# WORK INSTRUCTION
Only the lines running from the line with "The species is" to the end of the listing below should be copied, exactly, without pictures.
____ DATASET RECORDS
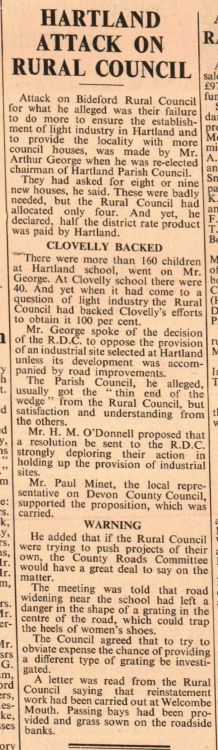 Mr Arthur George, chairman of Hartland Parish Council, attacked Bideford Rural Council for what he alleged was their failure to ensure the establishment of light industry in Hartland and to provide the locality with more council houses.
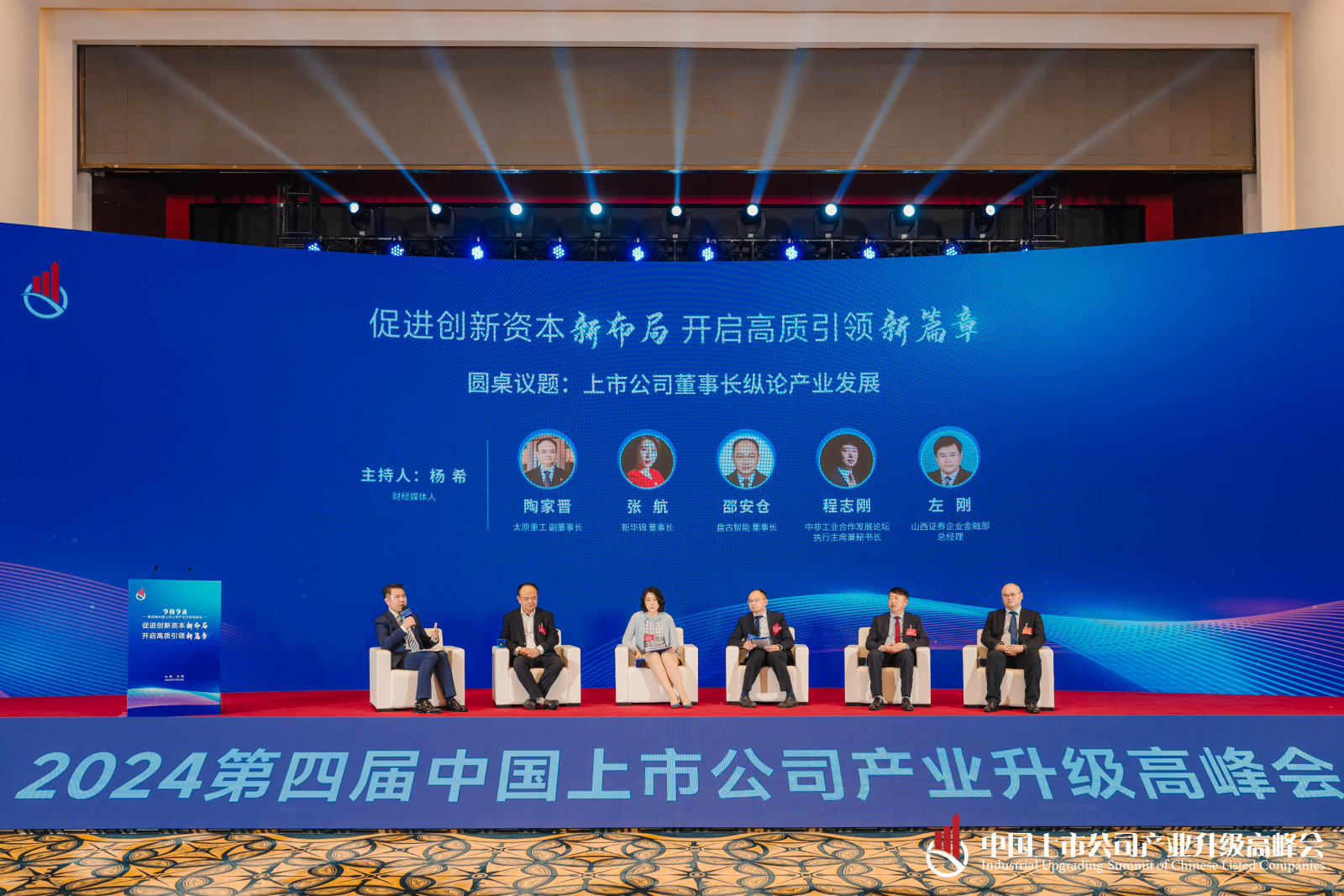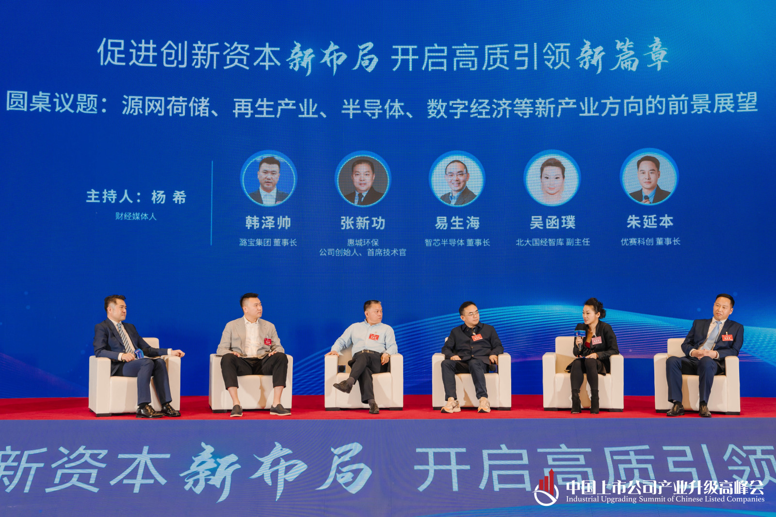 本場論壇的主題是新質(zhì)生產(chǎn)力發(fā)展論壇,探討一下源網(wǎng)荷儲、再生產(chǎn)業(yè)、半導(dǎo)體、數(shù)字經(jīng)濟等新產(chǎn)業(yè)的方向。首先有請參與本場論壇的各位對話嘉賓,他們分別是:潞寶集團董事長韓澤帥;惠城環(huán)保董事長張新功;智芯半導(dǎo)體董事長易生海;國經(jīng)智庫副主任吳函璞;優(yōu)賽科創(chuàng)董事長朱延本。
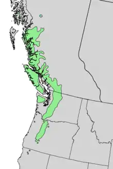 The species is native to the Pacific Northwest of North America, occurring in the Pacific Coast Ranges and the Cascade Range from the extreme southeast of Alaska, through western British Columbia, Washington and Oregon, to the extreme northwest of California. It grows from sea level to 1,500 m (4,900 ft) in the north of the range, and to 1,000–2,300 m (3,300–7,500 ft) in the south of the range.
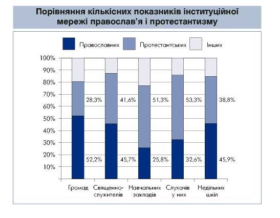 Отже, питома вага протестантів у загальній масі вірних різних церков України набагато менша ніж питома вага створених ними громад у загальноукраїнській конфесійній конфігурації. Скажімо, якщо порівняти офіційні, датовані першою половиною 1990-х рр. повідомлення Всеукраїнського Союзу ЄХБ, Уніонної конференції АСД України та верховного архієпископа УГКЦ, то на одну баптистську громаду припадає 82 члени, на одну адвентистську – 106, [126;24] а на одну парафію Івано-Франківської єпархії УГКЦ - згідно з церковною (хай і серйозно завищеною) статистикою - 1448 вірних, Львівської архієпархії - 1844, Тернопільської - 1899. У 1985 р. на 10 тис. міського населення України припадало 29 членів протестантських громад, на 10 тис. сільського - 43.
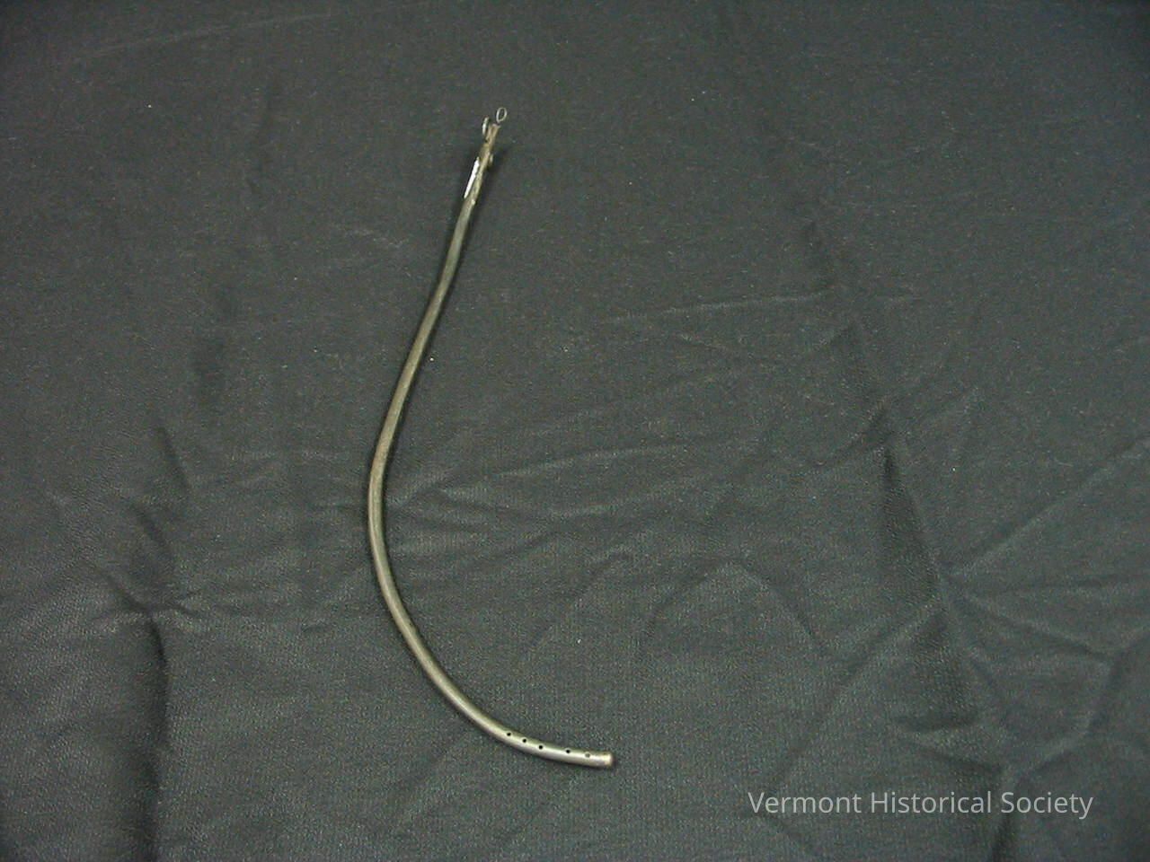 Long metal tube. Half the tube is straight, and the other half of the tube curves until the end is perpendicular to the first half. The straight end has a wire loop, likely for hanging. The curved end has five holes drilled into it.
________
# RESULT
 The species is native to the Pacific Northwest of North America, occurring in the Pacific Coast Ranges and the Cascade Range from the extreme southeast of Alaska, through western British Columbia, Washington and Oregon, to the extreme northwest of California. It grows from sea level to 1,500 m (4,900 ft) in the north of the range, and to 1,000–2,300 m (3,300–7,500 ft) in the south of the range.
 Отже, питома вага протестантів у загальній масі вірних різних церков України набагато менша ніж питома вага створених ними громад у загальноукраїнській конфесійній конфігурації. Скажімо, якщо порівняти офіційні, датовані першою половиною 1990-х рр. повідомлення Всеукраїнського Союзу ЄХБ, Уніонної конференції АСД України та верховного архієпископа УГКЦ, то на одну баптистську громаду припадає 82 члени, на одну адвентистську – 106, [126;24] а на одну парафію Івано-Франківської єпархії УГКЦ - згідно з церковною (хай і серйозно завищеною) статистикою - 1448 вірних, Львівської архієпархії - 1844, Тернопільської - 1899. У 1985 р. на 10 тис. міського населення України припадало 29 членів протестантських громад, на 10 тис. сільського - 43.
 Long metal tube. Half the tube is straight, and the other half of the tube curves until the end is perpendicular to the first half. The straight end has a wire loop, likely for hanging. The curved end has five holes drilled into it.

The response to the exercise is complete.